The BSE, which is holding a series of seminars across India to woo small and medium entrepreneurs, market intermediaries and investors to join its up-and-coming Small and Medium Enterprises' Exchange (SME Exchange), has said the new platform is likely to commence operation in September.

Main board

“So far, we have held 15 seminars across the country to educate the SMEs to join the BSE SME Exchange. About 50 SMEs, out of around 4,000 members on the BSE's Main Board, have already agreed to migrate to the new product and list there. They include 10 members from Gujarat,” Mr Lakshaman Gugulothu, Chief Executive Officer of the BSE SME Exchange, told reporters here on Saturday.

In July 2010, the BSE, the NSE, and the MCX-SX had sought permission from the capital market regulator for launching a separate segment for the SMEs.

The Securities and Exchange Board of India had given an in-principle approval to the BSE and the NSE in May 2011 to set up SME exchanges and platforms.

The BSE SME Exchange will provide an opportunity to the entrepreneurs to raise equity capital for the growth and expansion of SMEs.

Besides, the investors will also be able to identity and invest in good companies at an early stage.

“It will help unleash the valuation of the company and in the process create wealth for all stake-holders, besides considerable capital gains tax benefits and facility of exit at any point of time,” Mr Gugulothu said.

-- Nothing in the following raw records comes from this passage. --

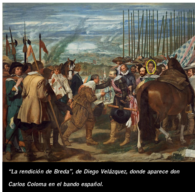
"La rendición de Breda", de Diego Velázquez, donde aparece don Carlos Coloma en el bando español.

Carlos Coloma quedará inmortalizado por el maestro Diego Velázquez en el cuadro "La rendición de Breda" en la que participó activamente al frente de los tercios españoles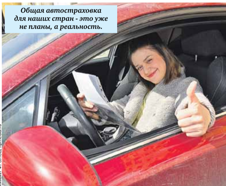
Общая автостраховка для наших стран - это уже не планы, а реальность.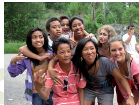
Juniorleir 2010.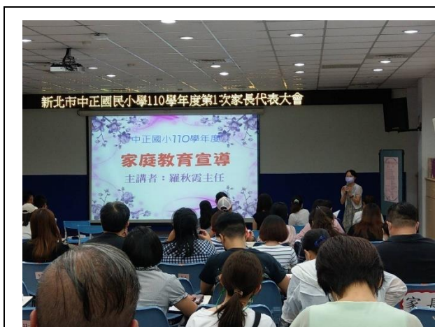
由輔導主任進行宣導

4. 活動內容:家長代表大會選舉委員等待計票結果時間，由本校輔導主任進行家庭教育宣導，除了介紹本校可由本校網頁獲取學校相關訊息，並且可以連結新北市政府家庭教育中心網頁，瞭解中心提供的服務。此外，亦說明本校本學期將進行的一些家庭教育相關活動，請代表將相關資料轉知各班家長，踴躍報名參加學校活動。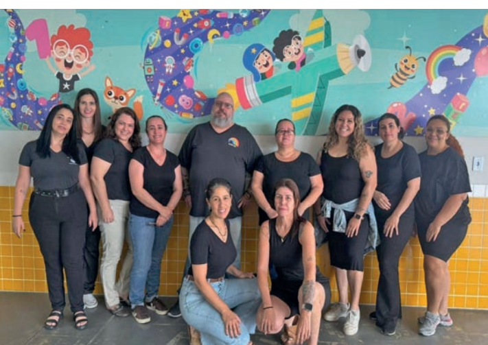
CMEI Monsenhor Jonas Abib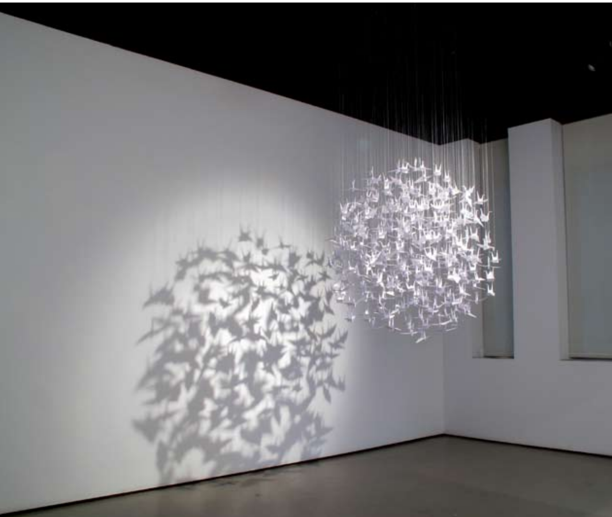
Instalación Delicias en mi Jardín | 110 x 110 cm aprox. | Origamis en papel bond/resita e hilos de seda | 2012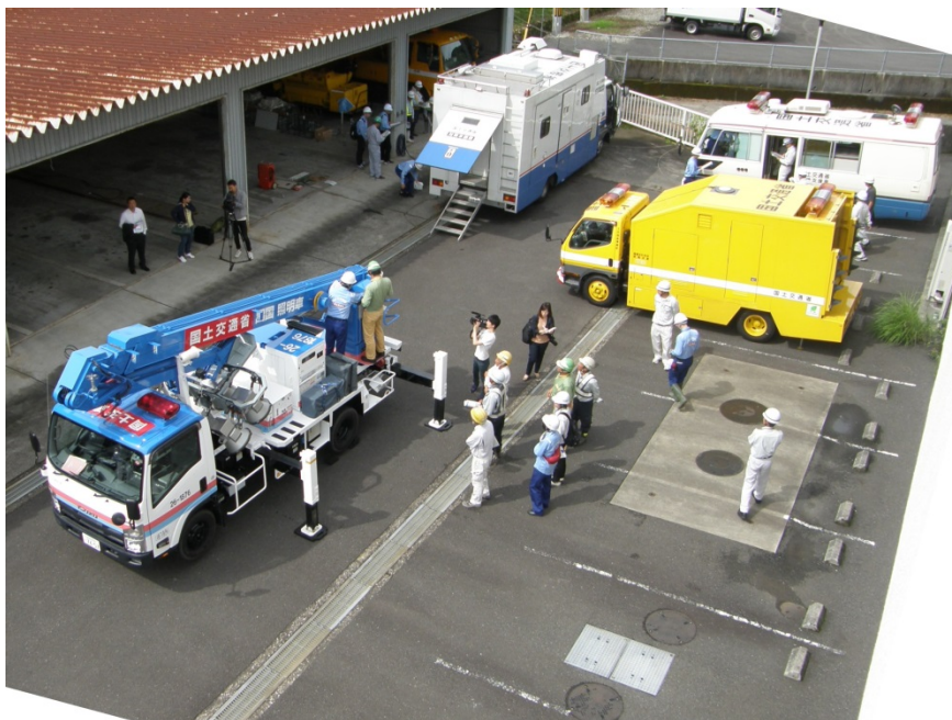
[左奥]対策本部車、[右奥]待機支援車、 [左手前]照明車、[右手前]標識車

The CEO said the issuer with post-issue face value capital up to Rs 10 crore will be covered under the SME platform, while those between Rs 10 crore and Rs 25 crore may get listed on this platform.

Entities having post-issue face value capital above Rs 25 crore will have to be listed on the Main Board.

The BSE Main Board criteria for the paid-up capital has been increased from Rs 3 crore to Rs 10 crore.

On the new platform, the minimum application amount as also the trading lot will be Rs one lakh.

All trading members would be eligible to participate in the SME Exchange without any further registration and by default members. The SMEs would now be able to file only half-yearly results, instead of quarterly ones.

With the initial conditions for an IPO waived off, the SMEs will now be able to hit the capital market in just one to two months, instead of the practice of 8-10 months, and merchant bankers would underwrite 100 per cent of the IPO, 15 per cent of it in their own account.

Market making

The merchant banker to the issue would undertake market-making through a registered stockbroker and will be responsible for market making for a minimum of three years.

It would provide a two-way quote for 75 per cent of time in a day, to be monitored by the stock exchange.

The minimum depth of the quote will be Rs 1 lakh in secondary market and there will be trading of lots of size of Rs 1 lakh. There will not be more than five market makers for a scrip.